Sacramento bigwigs want politicians to ‘step back’ on homelessness. Why don’t they step up?
The last few weeks have driven home the overwhelming reality of Sacramento’s homelessness crisis. And it wasn’t because of a fundamental change in the size or conditions of the capital city’s unhoused population. It was the realization that Sacramento’s lone-wolf experiment with safe grounds is incapable of making a difference.
That does not mean it is a lost cause. But the ambitious humanitarian mission city leaders embarked on, both to help homeless people and to restore the public spaces they occupied, is not working — and that’s starting to take a toll on our psyche. Allies are becoming adversaries, neighbors are becoming foes and business leaders have become perplexing antiheroes pleading for continued crackdowns.

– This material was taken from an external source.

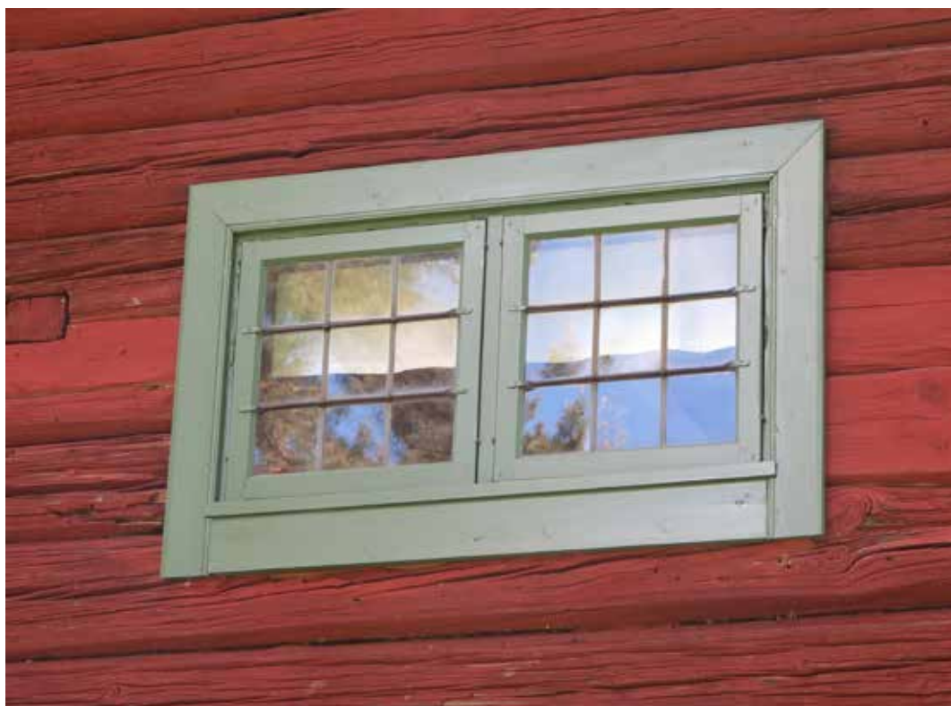
Fig. 15. Vägg C3. Nyttillverkat fönster. LP_2014_00046.

If a long-delayed but shortsighted sweep last week — clearing 160 vehicles from an entrenched homeless encampment along Commerce Circle — was the breaking point, this week Sacramento fell apart. The humanity and compassion that once drove this community’s response has been overtaken by apathy and self-preservation in the absence of tangible progress. Meanwhile, all that’s really changed for the 11,000 people sleeping outside is the ratcheted-up rhetoric surrounding their existence.
Mayor Darrell Steinberg, driven by the belief that the city should not conduct a sweep without offering shelter, put forward a hurried resolution to make that the rule. Sacramento’s economic power brokers were having none of it. In a stunning rebuke at a press conference near City Hall on Tuesday, Sacramento’s business leaders and bigwigs declared their outright opposition to the mayor’s proposal. The council ultimately sided with them, retaining enforcement with some additional public scrutiny.
With no shelter available, Steinberg’s proposal would have essentially barred vehicle sweeps. Mayor Pro Tem Angelique Ashby’s compromise to boost transparency was the best option.
The fact that this was even up for debate is disheartening. Despite the political capital exhausted all year long, the search for suitable public land for sanctioned campsites throughout the city, the unanimous August approval of 20 sites and the allocation of $100 million to launch them, Sacramento has gained little meaningful ground.
We’ve reached the most frigid stretch of the season, and the unhoused in our city largely remain outdoors. After overpromising and under-delivering, the city’s government and the perhaps overzealous mayor who wanted to get serious about helping them are both getting pummeled in the public square.
But the shared angst over the lack of progress is misdirected. Maybe it’s time for some soul-searching.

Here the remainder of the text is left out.